Advanced options could be:
1) Select and GroupBy columns to choose (which are different than columns displayed in the report): submission_id, assoc_type, file_type, file_id, representation_id (month/day is always considered)
For the templates above, for example, those would be: a) submission_id b) submission_id, assoc_type (where assoc_type = 1048585) c) submission_id, assoc_type (where assoc_type = 515) d) submission_id, assoc_type, file_type (where assoc_type = 515 and file_type = 2) e) submission_id, assoc_type, file_type (where assoc_type = 515 and file_type = 1) f) submission_id, assoc_type, file_type (where assoc_type = 515 and file_type = 3) g) submission_id, assoc_type, file_type (where assoc_type = 515) h) submission_id, assoc_type (where assoc_type = 531) i) submission_id, assoc_type, file_type
Additional options (not used in the templates above) _fileid and _representationid would allow statistics aggregation for specific files or galleys. For example if the user would like to get report of the total counts for each file (no matter what file type it has) it could select: submission_id, file_id
These Select and GroupBy columns are different than those that we will display in the report. For display, we could always display: ID: object ID -- if it is a file, it would be the file_id; if it is abstract it would be the submission_id Article: article title this object belongs to eventually Section: section title this object belongs to eventually Issue: issue title this object belongs to eventually Journal: journal title this object belongs to Month/Day: the metrics are aggregated by Count: the number of the views
2) Filter options to choose/define:
assoc_type (abstract, submission file, supp file) file_type (PDF, HTML, DOC?, Other) submission_id section_id issue_id eventually also representation_id and file_id
For templates, see the filters in (where ...
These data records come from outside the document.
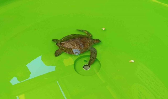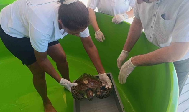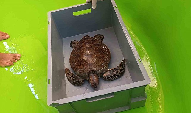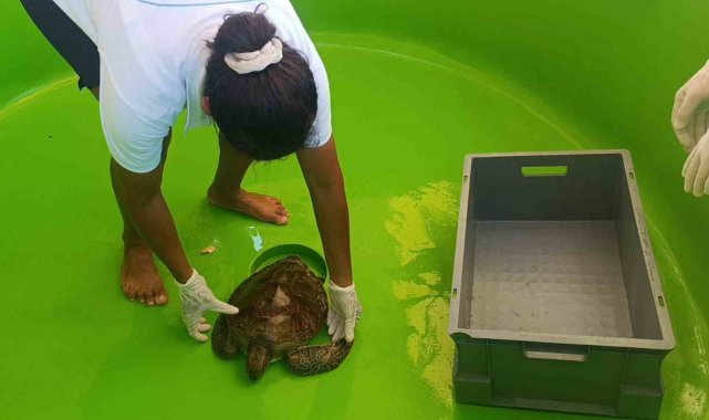 Üzerine file ve çuval dolanıp lenfleri zarar gören Yeşil Deniz Kaplumbağası kurtarıldı
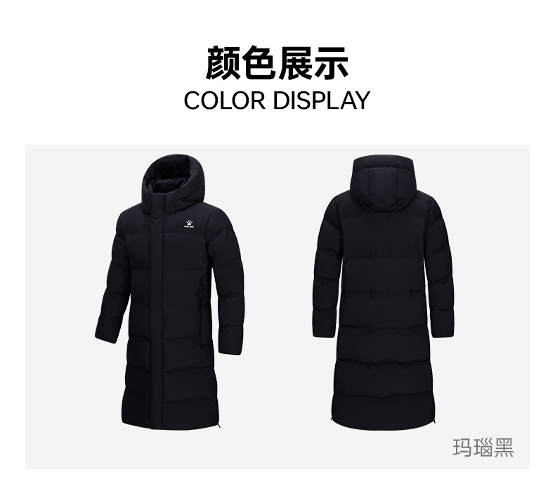 卡尔美男式冬季长款鹅绒服9543YR1220
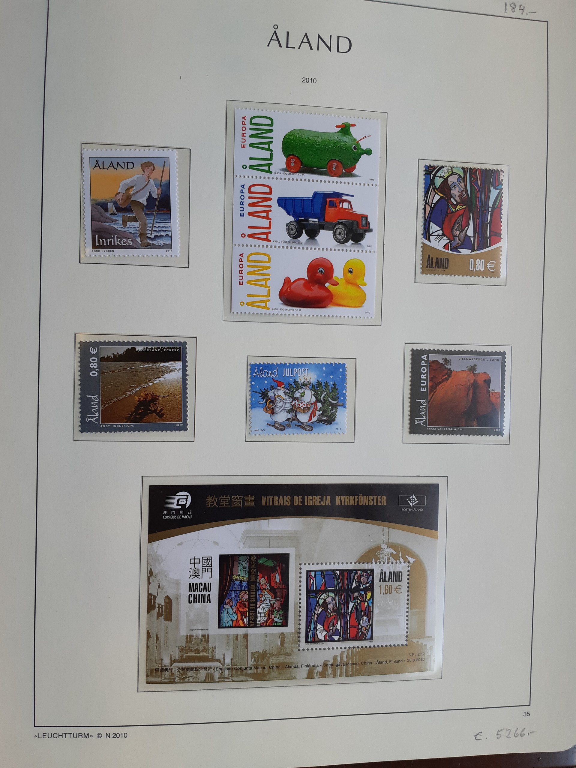 Åland. Collection ★★ 1984–2010 on Leuchtturm leaves. High face value. Also some other Finnish areas. Fine quality. (450)
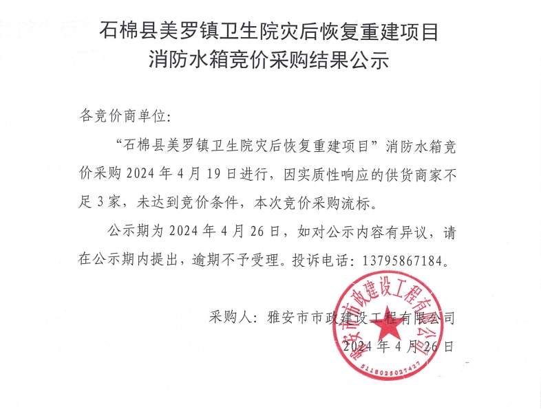 石棉縣美羅鎮(zhèn)衛(wèi)生院災(zāi)后恢復(fù)重建項(xiàng)目消防水箱材料競價(jià)采購結(jié)果公示
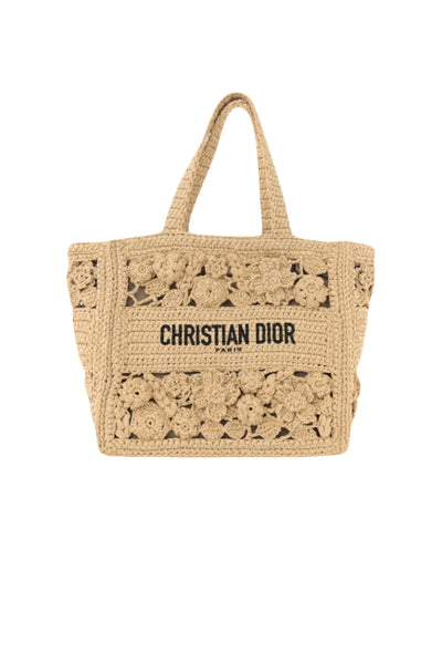 CHRISTIAN DIOR hand crocheted millefiori small book tote handbag with oblique insert
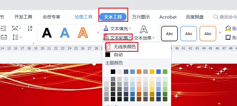 然后取消为文本框的轮廓,选中文本框后选择文本轮廓的颜色为无线条颜色
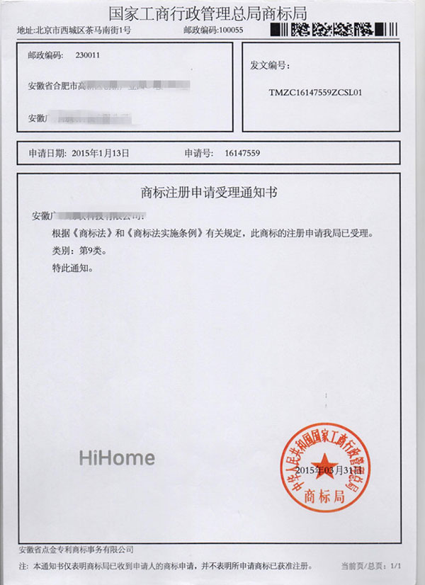 第9类“HIHOME”商标受理通知书
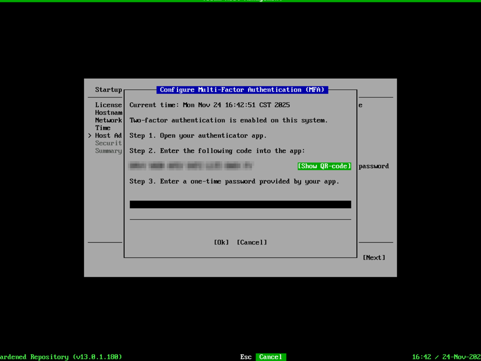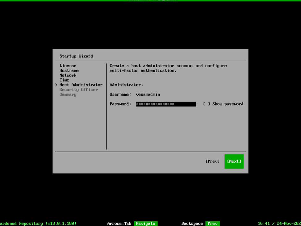Next up, create a password for the default “veeamadmin” account. Note that this still requires a DISA STIG compliant password. After providing the password, you will need to enroll in MFA.
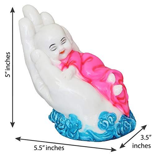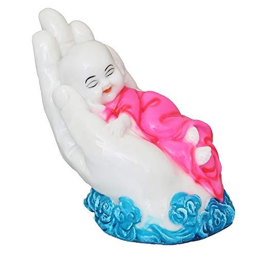 Webelkart Cute Child Monk Sleeping on Palm Showpiece - 12 cm (Polyresin, Multi)- for Home Decor| Office Decor| Valentines Day Gifts | Diwali Decor| Vaastu Decor| Fengshui

) in 1) Select and GroupBy a) - i) above.
3) OrderBy options -- Per default we would order by month/day:
I am not sure if we should provide these. Different ordering could be later done in the spreadsheet by the user? So I will leave this empty for now, and if necessary I can think later about it...
Thanks @bozana, this looks great! I'd like to see us off-load as much of the data filtering to a spreadsheet tool. So we only need to provide the raw spreadsheets necessary for the user to get what they need with their own spreadsheet management.
In my view, all of the report templates can be compressed into one report, with one line per article:
ID | Title | Total Views | Abstract Views | File Downloads | PDF Downloads | HTML Downloads | Other File Downloads | ?Section | ?Issue |
---|---|---|---|---|---|---|---|---|---|
1 | Lorem ipsum... | 100 | 50 | 50 | 25 | 15 | 10 | Articles | Vol. 1 No. 1 |
stats aggregated by month or day ... select the start and end date
Instead of aggregating stats we should rely on the start and end date. What I mean is that the report will always give the totals between the start and end date. If someone wants to get the article stats for each month, they can download a report for each month.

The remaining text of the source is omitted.